The output contains two parts: domain lay out and sequences found by DOMAINATION. In case PSI-BLAST did not find any hits, you will see an error message (PSI-BLAST did not find any hits for your query sequence!).

Domain lay out

Overall domain lay-out and domain lay-out per iteration is shown as a graphic. Mousing over a domain will display the domain boundaries (only on the output page). Clicking on a domain will highlight its sequence in the original query FASTA sequence. Clicking on the highlighted domain will extract its sequence. A graph with annotated domain boundaries is also available. Each domain of a query sequence will be send as query to further iterations. DOMAINATION works on FASTA sequences only. This means that you may find domains shorter than 10, since iterations are combined in our output. If a query is not split further into domains, this query will drop out of the iterations and become absent in tracks for higher iterations. For example, domain 3 in the graphic is not split in the second iteration. Therefore, it is absent in the third iteration.

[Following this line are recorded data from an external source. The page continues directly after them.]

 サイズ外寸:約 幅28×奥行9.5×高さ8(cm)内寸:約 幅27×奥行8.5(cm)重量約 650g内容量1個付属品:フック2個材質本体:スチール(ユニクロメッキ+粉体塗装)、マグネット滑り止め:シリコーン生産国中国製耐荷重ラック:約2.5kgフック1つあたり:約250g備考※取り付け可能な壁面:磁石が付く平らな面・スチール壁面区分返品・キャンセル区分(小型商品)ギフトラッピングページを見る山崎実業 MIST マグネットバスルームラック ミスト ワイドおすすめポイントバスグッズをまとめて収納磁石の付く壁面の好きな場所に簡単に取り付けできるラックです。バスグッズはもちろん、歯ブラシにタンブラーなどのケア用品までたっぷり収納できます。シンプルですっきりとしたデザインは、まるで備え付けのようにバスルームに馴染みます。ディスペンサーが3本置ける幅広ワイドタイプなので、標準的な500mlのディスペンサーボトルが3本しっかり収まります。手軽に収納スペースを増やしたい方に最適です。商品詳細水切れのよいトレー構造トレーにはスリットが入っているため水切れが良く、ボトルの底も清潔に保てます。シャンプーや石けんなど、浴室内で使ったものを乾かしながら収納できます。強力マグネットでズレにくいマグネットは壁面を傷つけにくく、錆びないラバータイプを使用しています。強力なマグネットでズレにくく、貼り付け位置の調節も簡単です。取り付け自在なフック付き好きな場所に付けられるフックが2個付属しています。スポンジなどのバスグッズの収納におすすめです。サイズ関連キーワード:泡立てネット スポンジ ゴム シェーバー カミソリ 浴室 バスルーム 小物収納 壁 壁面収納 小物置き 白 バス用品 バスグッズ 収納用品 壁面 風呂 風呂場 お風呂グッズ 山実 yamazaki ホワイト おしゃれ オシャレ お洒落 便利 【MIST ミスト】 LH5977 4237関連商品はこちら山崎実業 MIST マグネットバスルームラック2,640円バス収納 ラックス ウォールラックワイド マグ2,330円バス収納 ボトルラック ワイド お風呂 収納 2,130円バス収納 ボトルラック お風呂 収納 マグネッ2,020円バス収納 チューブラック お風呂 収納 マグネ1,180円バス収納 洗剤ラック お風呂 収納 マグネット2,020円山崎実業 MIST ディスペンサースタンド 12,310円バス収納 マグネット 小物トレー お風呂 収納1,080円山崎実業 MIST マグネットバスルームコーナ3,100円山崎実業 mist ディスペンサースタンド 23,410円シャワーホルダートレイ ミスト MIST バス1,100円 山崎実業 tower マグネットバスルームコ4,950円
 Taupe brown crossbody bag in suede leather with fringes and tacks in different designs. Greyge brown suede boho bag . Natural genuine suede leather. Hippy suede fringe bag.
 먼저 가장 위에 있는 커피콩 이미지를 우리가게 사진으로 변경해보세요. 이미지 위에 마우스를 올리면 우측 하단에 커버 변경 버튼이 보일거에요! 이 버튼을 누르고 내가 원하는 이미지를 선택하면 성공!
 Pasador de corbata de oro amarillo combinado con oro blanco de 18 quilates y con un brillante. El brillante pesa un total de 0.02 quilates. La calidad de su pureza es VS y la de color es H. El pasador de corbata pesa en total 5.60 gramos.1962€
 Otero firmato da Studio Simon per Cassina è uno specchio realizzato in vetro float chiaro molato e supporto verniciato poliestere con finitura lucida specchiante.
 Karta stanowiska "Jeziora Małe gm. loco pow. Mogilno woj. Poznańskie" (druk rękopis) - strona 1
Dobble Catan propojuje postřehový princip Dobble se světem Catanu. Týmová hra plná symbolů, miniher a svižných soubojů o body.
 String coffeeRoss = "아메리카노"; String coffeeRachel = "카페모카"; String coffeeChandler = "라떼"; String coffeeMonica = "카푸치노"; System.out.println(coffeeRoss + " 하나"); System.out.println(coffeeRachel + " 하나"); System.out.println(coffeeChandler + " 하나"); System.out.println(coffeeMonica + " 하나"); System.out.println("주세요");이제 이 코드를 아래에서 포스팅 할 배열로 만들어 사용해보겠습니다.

Sequences found by DOMAINATION

This part reports the number of sequences found by all DOMAINATION iterations together. A file with all sequences found by DOMAINATION can be downloaded (in FASTA format). If you have choosen to perform the sequence similarity search, you will find links here to BLASTP and SSEARCH report, both in HTML and plain text formats. The report in HTML format contains a graphic which show the position of the top 100 hits on your query sequence. If you mouse over the hits the name, score and E-value of the hit will appear both in the text box at the top of the graph and as "pop up". These similarity searches are corrected for the size of the original non-redundant database. The command line options used are:

blastpgp -F T -z 1418577927 : low-complexity filter is on and the size of the original database is used to calculate the E-values

ssearch35 -z 11 -s BL62 -B -Z 4113801 : estimate the statistical parameters from shuffled copies of each library sequence (-z); use BLOSUM62 (-s); show normalized score as a z-score (-B) and use the number of sequences from the original database to calculate E-values.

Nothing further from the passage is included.